To do:
Below are lines of data; restate word for word those running from the line containing "This paper investigates" to the line containing "ஸ்காபரோ-கில்வூட் தொகுதியில், 2018ல்", inclusive, and no others.

Given records:
▬▬▬▬▬▬▬▬▬▬
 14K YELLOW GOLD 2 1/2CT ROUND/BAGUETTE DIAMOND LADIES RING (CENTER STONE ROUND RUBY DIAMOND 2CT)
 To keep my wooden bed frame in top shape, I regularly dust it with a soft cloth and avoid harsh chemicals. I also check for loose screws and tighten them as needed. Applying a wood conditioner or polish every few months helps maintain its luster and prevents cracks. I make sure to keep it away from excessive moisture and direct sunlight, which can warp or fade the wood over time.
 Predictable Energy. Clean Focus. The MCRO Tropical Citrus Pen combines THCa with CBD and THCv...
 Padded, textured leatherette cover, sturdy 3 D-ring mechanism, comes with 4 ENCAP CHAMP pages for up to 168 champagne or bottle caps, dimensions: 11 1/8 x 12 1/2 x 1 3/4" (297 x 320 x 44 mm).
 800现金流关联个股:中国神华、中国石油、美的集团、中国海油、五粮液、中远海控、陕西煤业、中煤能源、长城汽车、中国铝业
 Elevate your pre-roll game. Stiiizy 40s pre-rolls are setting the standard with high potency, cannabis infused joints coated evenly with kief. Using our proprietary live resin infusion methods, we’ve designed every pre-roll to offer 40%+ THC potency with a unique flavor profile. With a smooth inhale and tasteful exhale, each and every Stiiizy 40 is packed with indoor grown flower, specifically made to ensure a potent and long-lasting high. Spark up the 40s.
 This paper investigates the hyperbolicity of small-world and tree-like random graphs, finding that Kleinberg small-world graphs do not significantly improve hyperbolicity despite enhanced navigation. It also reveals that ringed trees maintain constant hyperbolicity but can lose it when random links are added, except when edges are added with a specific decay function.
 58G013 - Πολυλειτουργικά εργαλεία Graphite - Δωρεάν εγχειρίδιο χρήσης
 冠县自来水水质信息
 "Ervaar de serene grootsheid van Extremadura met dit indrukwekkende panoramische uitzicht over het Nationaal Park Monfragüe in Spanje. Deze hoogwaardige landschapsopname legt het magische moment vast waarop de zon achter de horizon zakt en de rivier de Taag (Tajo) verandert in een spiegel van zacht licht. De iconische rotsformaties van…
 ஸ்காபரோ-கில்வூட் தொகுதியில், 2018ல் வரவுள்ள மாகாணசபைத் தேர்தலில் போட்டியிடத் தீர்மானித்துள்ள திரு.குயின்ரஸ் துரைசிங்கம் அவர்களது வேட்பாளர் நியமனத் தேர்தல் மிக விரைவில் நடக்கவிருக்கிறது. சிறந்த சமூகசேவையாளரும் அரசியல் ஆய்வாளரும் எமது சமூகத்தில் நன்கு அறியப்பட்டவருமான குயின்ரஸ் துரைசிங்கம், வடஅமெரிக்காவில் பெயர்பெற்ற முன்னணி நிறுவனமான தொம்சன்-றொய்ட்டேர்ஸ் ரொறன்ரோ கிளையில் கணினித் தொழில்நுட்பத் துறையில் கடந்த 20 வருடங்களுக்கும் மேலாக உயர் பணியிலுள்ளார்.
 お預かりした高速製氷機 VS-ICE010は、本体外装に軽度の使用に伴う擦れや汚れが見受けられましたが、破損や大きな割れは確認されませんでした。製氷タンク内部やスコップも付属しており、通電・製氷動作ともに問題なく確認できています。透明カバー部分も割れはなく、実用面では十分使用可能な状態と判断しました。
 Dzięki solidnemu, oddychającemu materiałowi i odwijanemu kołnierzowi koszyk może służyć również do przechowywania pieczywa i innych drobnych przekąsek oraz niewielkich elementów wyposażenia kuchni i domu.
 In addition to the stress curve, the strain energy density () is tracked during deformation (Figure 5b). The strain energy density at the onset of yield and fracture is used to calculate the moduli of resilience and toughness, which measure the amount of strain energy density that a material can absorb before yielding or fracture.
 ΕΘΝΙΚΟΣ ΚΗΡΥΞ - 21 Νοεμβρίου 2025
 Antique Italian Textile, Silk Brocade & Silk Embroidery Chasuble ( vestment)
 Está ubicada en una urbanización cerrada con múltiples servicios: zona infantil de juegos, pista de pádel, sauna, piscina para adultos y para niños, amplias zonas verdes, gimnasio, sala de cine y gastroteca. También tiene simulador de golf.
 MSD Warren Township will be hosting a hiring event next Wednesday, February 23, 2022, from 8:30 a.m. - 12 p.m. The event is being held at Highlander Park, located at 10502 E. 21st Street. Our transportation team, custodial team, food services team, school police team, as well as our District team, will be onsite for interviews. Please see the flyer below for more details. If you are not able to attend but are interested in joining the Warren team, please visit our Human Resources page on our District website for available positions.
▬▬▬▬▬▬▬▬▬▬
Result for this task:
 This paper investigates the hyperbolicity of small-world and tree-like random graphs, finding that Kleinberg small-world graphs do not significantly improve hyperbolicity despite enhanced navigation. It also reveals that ringed trees maintain constant hyperbolicity but can lose it when random links are added, except when edges are added with a specific decay function.
 58G013 - Πολυλειτουργικά εργαλεία Graphite - Δωρεάν εγχειρίδιο χρήσης
 冠县自来水水质信息
 "Ervaar de serene grootsheid van Extremadura met dit indrukwekkende panoramische uitzicht over het Nationaal Park Monfragüe in Spanje. Deze hoogwaardige landschapsopname legt het magische moment vast waarop de zon achter de horizon zakt en de rivier de Taag (Tajo) verandert in een spiegel van zacht licht. De iconische rotsformaties van…
 ஸ்காபரோ-கில்வூட் தொகுதியில், 2018ல் வரவுள்ள மாகாணசபைத் தேர்தலில் போட்டியிடத் தீர்மானித்துள்ள திரு.குயின்ரஸ் துரைசிங்கம் அவர்களது வேட்பாளர் நியமனத் தேர்தல் மிக விரைவில் நடக்கவிருக்கிறது. சிறந்த சமூகசேவையாளரும் அரசியல் ஆய்வாளரும் எமது சமூகத்தில் நன்கு அறியப்பட்டவருமான குயின்ரஸ் துரைசிங்கம், வடஅமெரிக்காவில் பெயர்பெற்ற முன்னணி நிறுவனமான தொம்சன்-றொய்ட்டேர்ஸ் ரொறன்ரோ கிளையில் கணினித் தொழில்நுட்பத் துறையில் கடந்த 20 வருடங்களுக்கும் மேலாக உயர் பணியிலுள்ளார்.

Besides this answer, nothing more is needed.